→ **Exercise requirements**
Return, word for word, only the lines of the data below that lie between the line with "Lực lượng Công" and the line with "Toledo, Peoria &", those two lines included.

→ **Source data**
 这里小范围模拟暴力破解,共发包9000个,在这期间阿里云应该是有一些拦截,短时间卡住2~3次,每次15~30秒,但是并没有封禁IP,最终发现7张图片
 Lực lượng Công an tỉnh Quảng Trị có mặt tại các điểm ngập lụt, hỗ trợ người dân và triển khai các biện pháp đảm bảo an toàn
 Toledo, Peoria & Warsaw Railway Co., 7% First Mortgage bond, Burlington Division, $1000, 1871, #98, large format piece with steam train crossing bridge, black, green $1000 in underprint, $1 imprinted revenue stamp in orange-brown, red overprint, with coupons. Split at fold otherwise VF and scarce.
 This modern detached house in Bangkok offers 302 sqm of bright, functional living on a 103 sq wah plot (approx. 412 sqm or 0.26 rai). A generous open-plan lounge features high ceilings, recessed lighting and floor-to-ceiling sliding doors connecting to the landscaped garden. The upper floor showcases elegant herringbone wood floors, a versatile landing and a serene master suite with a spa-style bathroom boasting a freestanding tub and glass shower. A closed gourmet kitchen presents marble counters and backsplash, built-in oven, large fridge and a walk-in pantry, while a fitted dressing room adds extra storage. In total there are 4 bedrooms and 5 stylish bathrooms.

--

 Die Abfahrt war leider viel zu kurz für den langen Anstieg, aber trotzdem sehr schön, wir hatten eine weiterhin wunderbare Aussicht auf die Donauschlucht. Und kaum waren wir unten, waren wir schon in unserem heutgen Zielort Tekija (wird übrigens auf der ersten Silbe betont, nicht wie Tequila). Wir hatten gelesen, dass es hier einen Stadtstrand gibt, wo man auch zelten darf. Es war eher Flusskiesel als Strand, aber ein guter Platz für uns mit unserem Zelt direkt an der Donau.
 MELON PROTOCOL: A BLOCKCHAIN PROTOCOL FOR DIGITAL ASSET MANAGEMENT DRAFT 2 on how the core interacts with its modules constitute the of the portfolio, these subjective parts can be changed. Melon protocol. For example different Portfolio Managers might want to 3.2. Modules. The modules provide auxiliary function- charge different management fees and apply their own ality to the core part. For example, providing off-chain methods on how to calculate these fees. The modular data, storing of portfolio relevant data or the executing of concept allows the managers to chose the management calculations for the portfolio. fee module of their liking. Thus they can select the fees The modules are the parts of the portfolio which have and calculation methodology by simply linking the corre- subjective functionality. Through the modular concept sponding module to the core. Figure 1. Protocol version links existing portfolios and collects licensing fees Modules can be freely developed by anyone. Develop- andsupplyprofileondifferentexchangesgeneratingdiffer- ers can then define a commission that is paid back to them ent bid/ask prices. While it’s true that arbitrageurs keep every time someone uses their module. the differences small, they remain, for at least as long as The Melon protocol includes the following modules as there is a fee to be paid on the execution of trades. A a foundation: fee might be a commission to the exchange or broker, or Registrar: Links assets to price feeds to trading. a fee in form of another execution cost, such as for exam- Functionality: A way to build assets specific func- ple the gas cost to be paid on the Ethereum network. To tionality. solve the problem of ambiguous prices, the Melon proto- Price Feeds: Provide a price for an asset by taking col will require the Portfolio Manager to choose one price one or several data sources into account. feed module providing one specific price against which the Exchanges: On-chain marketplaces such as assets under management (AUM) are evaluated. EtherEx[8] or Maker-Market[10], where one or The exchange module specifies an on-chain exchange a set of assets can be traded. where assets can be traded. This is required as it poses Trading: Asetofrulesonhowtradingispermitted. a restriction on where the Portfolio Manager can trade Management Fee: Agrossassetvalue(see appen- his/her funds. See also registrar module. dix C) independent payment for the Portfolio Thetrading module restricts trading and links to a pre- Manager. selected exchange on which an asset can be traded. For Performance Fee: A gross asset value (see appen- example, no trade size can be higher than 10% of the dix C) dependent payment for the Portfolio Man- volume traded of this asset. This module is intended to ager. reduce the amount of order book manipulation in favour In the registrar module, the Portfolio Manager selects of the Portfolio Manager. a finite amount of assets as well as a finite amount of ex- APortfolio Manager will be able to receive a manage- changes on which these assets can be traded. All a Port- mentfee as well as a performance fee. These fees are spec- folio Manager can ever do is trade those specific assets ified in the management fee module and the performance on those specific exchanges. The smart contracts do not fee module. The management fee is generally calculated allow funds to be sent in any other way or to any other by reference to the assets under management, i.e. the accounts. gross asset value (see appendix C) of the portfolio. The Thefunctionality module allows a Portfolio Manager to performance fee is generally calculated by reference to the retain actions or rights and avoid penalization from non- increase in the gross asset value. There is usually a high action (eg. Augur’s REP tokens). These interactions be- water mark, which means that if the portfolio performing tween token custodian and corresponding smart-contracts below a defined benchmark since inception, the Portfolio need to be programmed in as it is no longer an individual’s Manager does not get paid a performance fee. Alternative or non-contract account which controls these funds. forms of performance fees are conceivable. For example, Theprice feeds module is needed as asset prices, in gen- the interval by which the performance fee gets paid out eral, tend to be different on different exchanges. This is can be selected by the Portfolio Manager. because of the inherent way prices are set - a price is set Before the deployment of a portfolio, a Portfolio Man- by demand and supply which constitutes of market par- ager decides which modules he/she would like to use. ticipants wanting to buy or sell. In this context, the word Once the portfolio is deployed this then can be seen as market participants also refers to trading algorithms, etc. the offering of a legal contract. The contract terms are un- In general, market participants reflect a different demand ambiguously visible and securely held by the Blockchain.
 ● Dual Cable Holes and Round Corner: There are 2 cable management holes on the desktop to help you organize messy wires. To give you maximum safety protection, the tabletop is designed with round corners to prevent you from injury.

→ **Your solution**
 Lực lượng Công an tỉnh Quảng Trị có mặt tại các điểm ngập lụt, hỗ trợ người dân và triển khai các biện pháp đảm bảo an toàn
 Toledo, Peoria & Warsaw Railway Co., 7% First Mortgage bond, Burlington Division, $1000, 1871, #98, large format piece with steam train crossing bridge, black, green $1000 in underprint, $1 imprinted revenue stamp in orange-brown, red overprint, with coupons. Split at fold otherwise VF and scarce.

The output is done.